Anyway, the project’s name aside, DART is a smashing success and something which humankind should have been working on since the dawn of the space age. Ever since we finally understood what caused those craters on the moon (which took longer than you might expect) and the Alvarez hypothesis explained what caused the Cretaceous-Paleogene mass extinction, scientists and engineers have realized that humankind needs a proper planetary defense system to protect us from meteors, bolides, comets, space shards, and whatever cosmic flotsam and jetsam has been drifting around out there waiting to wreck us the same way the poor dinosaurs got creamed.

“Grawwwwwr! Why did we spend so much on stock buybacks and so little on basic science?”

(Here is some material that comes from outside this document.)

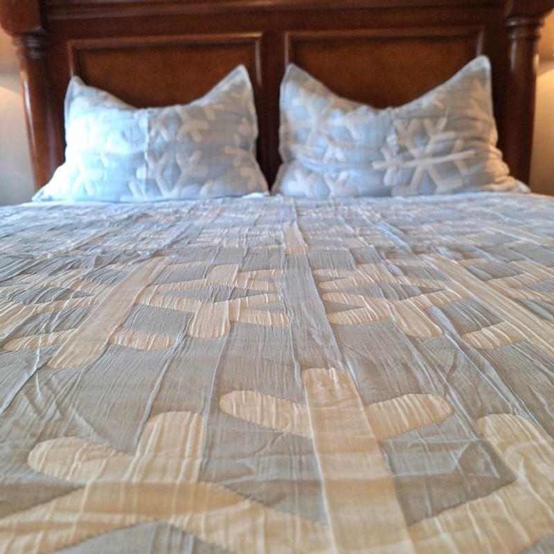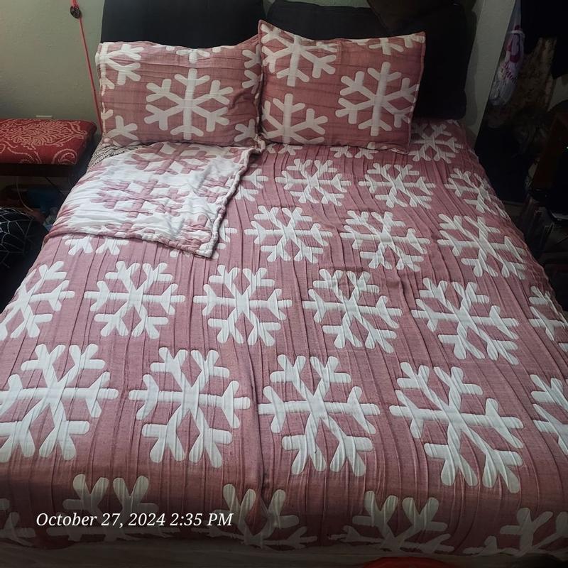 I received the BH Collective Nino Matelasse Quilt Set in the light blue and white snowflake pattern, and it’s absolutely perfect for the holiday season! The design is festive and elegant, bringing a cozy winter vibe to my bedroom. The package was compact, but I did receive the full queen set as expected. The cotton material feels soft and comfortable, making it a joy to use. The only downside is that the set doesn’t include a cover sheet, which would have made it even better. Overall, though, I’m very happy with the quality and style—it’s a great seasonal addition!

Although some previous asteroid and comet exploration missions have edged towards testing the behaviors of space objects subjected to manmade impacts and forces, the DART mission was designed specifically for the purpose of finding out about such things. Back in November of 2021 NASA launched a 610 kilogram impactor spacecraft to crash into Dimorphos (a tiny asteroid which orbits the larger asteroid Didymos). On September 26 (2022) the impactor crashed into Dimorphos as the Italian mini-satellite LICIACube looked on (as did many of our best telescopes).

Here is a NASA schematic which explains the mission (and its hypothesized outcome) far better than I could.

Of course in the grand scheme of things 610 kilograms is not very much mass–although a 610 kilogram (1340 lb) linebacker smashing into you would probably wreck your day–especially if he was running 6.6 kilometers per second (15,000 miles per hour) which was the closing velocity of the projectile and Dimorphos. Indeed, the Hubble and Webb space observatories were both keeping an eye on the collision and the results were pretty explosive.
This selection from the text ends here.